### DATA PROVIDED:
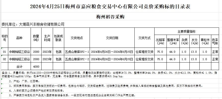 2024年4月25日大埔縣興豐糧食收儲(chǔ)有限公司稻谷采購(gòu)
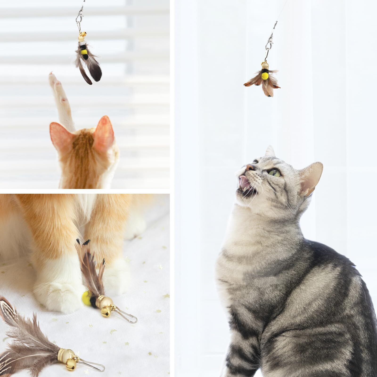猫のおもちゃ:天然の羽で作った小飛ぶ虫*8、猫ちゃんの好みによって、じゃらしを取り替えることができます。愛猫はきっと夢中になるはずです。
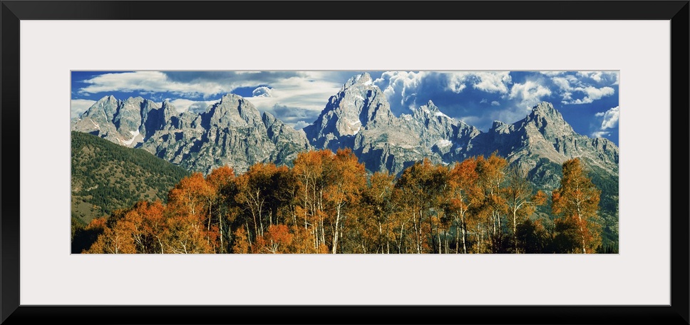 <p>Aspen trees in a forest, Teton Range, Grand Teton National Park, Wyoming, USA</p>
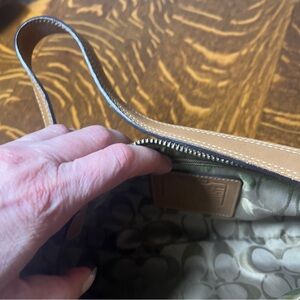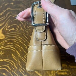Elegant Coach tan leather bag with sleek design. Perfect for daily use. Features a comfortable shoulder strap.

### REQUIRED ACTION:
Exactly those lines that run from the line holding "<p>Aspen trees in" to the end of the listing above, both included, are to be reproduced, with pictures left out.

### YOUR RESPONSE:
 <p>Aspen trees in a forest, Teton Range, Grand Teton National Park, Wyoming, USA</p>
Elegant Coach tan leather bag with sleek design. Perfect for daily use. Features a comfortable shoulder strap.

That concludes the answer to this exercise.